### What needs to be done
Entries below include pictures. Output exactly the lines from the one with "Während die Verbraucherpreise" down to the one with "我们还能通过给鱼儿拍照,完成", both ends included, and leave the pictures out.

-- Input records follows --

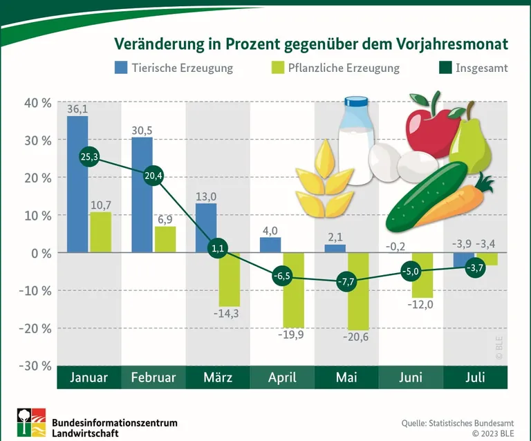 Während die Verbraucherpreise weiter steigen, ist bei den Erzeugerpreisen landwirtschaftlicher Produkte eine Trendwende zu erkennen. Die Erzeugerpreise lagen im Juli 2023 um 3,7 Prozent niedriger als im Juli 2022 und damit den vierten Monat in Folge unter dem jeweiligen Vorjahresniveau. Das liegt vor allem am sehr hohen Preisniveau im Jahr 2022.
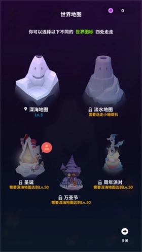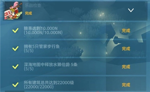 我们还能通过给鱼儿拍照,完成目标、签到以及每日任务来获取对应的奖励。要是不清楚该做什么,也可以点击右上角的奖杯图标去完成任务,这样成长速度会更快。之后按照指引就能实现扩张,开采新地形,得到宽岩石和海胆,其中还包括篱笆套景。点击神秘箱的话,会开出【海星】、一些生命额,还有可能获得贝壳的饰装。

-- Input records concluded --
-- Input records follows --

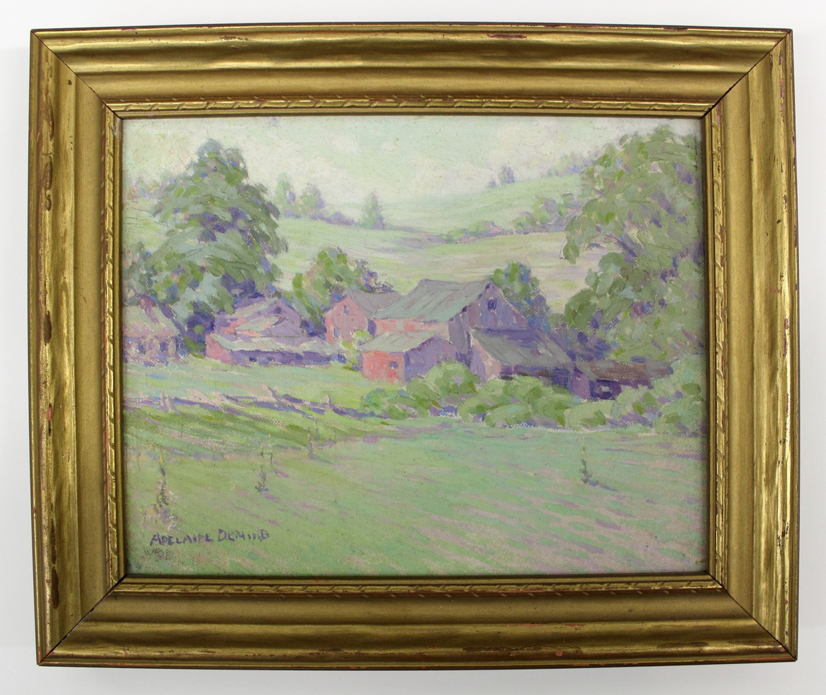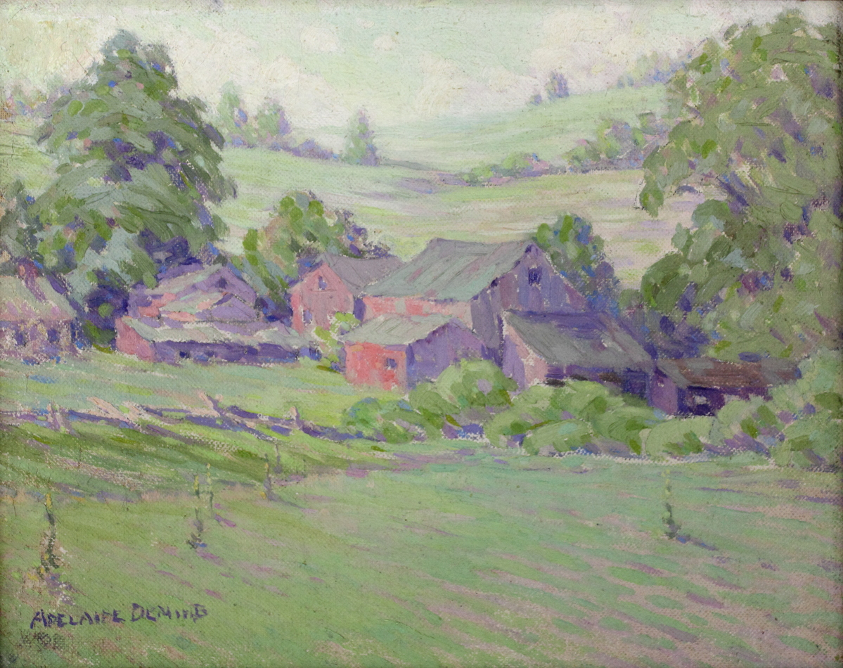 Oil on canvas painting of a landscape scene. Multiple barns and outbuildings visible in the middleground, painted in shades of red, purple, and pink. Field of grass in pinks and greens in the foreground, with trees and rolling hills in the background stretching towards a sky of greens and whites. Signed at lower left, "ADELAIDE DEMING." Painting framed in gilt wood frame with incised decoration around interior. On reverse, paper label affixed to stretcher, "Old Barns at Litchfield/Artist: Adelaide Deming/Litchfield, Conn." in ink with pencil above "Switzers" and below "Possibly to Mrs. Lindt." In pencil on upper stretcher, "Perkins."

-- Input records concluded --
-- Input records follows --

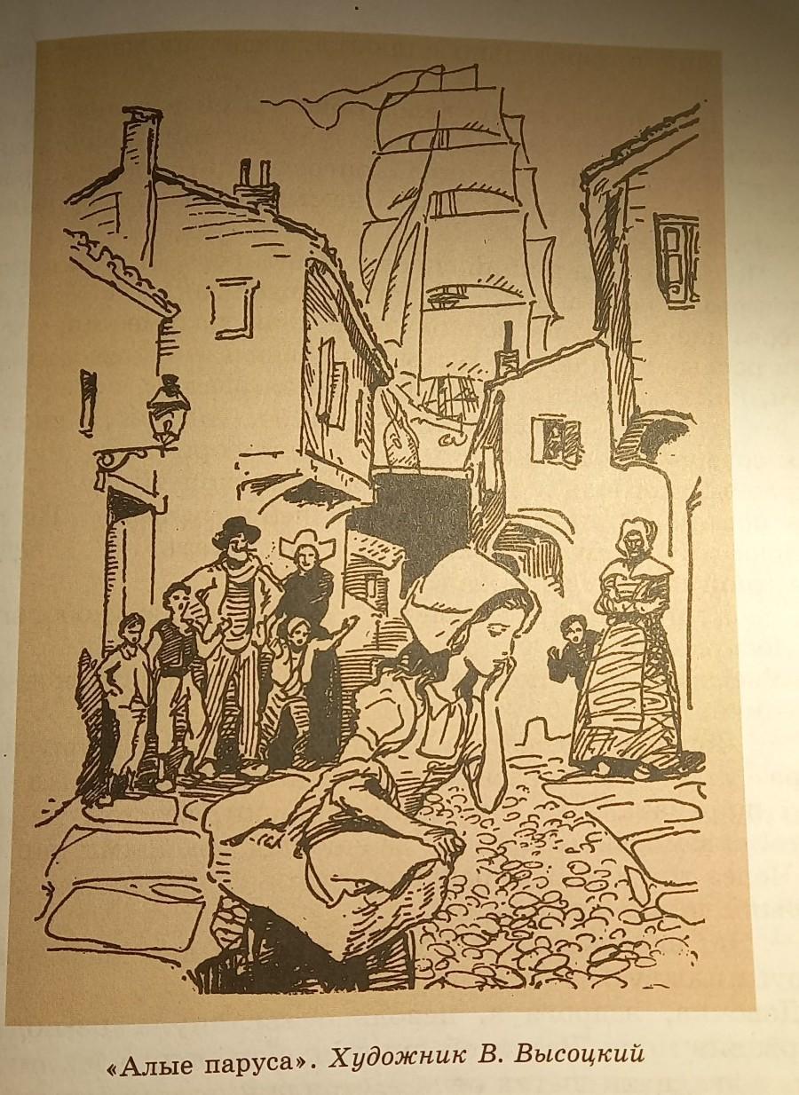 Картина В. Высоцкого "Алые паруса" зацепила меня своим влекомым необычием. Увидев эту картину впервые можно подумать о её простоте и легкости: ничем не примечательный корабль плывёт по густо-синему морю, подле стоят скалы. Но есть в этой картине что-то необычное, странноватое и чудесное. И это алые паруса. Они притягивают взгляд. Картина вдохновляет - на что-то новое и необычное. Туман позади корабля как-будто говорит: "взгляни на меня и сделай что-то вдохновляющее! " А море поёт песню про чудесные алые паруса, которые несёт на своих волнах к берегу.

-- Input records concluded --

### Solution for this problem
 Während die Verbraucherpreise weiter steigen, ist bei den Erzeugerpreisen landwirtschaftlicher Produkte eine Trendwende zu erkennen. Die Erzeugerpreise lagen im Juli 2023 um 3,7 Prozent niedriger als im Juli 2022 und damit den vierten Monat in Folge unter dem jeweiligen Vorjahresniveau. Das liegt vor allem am sehr hohen Preisniveau im Jahr 2022.
 我们还能通过给鱼儿拍照,完成目标、签到以及每日任务来获取对应的奖励。要是不清楚该做什么,也可以点击右上角的奖杯图标去完成任务,这样成长速度会更快。之后按照指引就能实现扩张,开采新地形,得到宽岩石和海胆,其中还包括篱笆套景。点击神秘箱的话,会开出【海星】、一些生命额,还有可能获得贝壳的饰装。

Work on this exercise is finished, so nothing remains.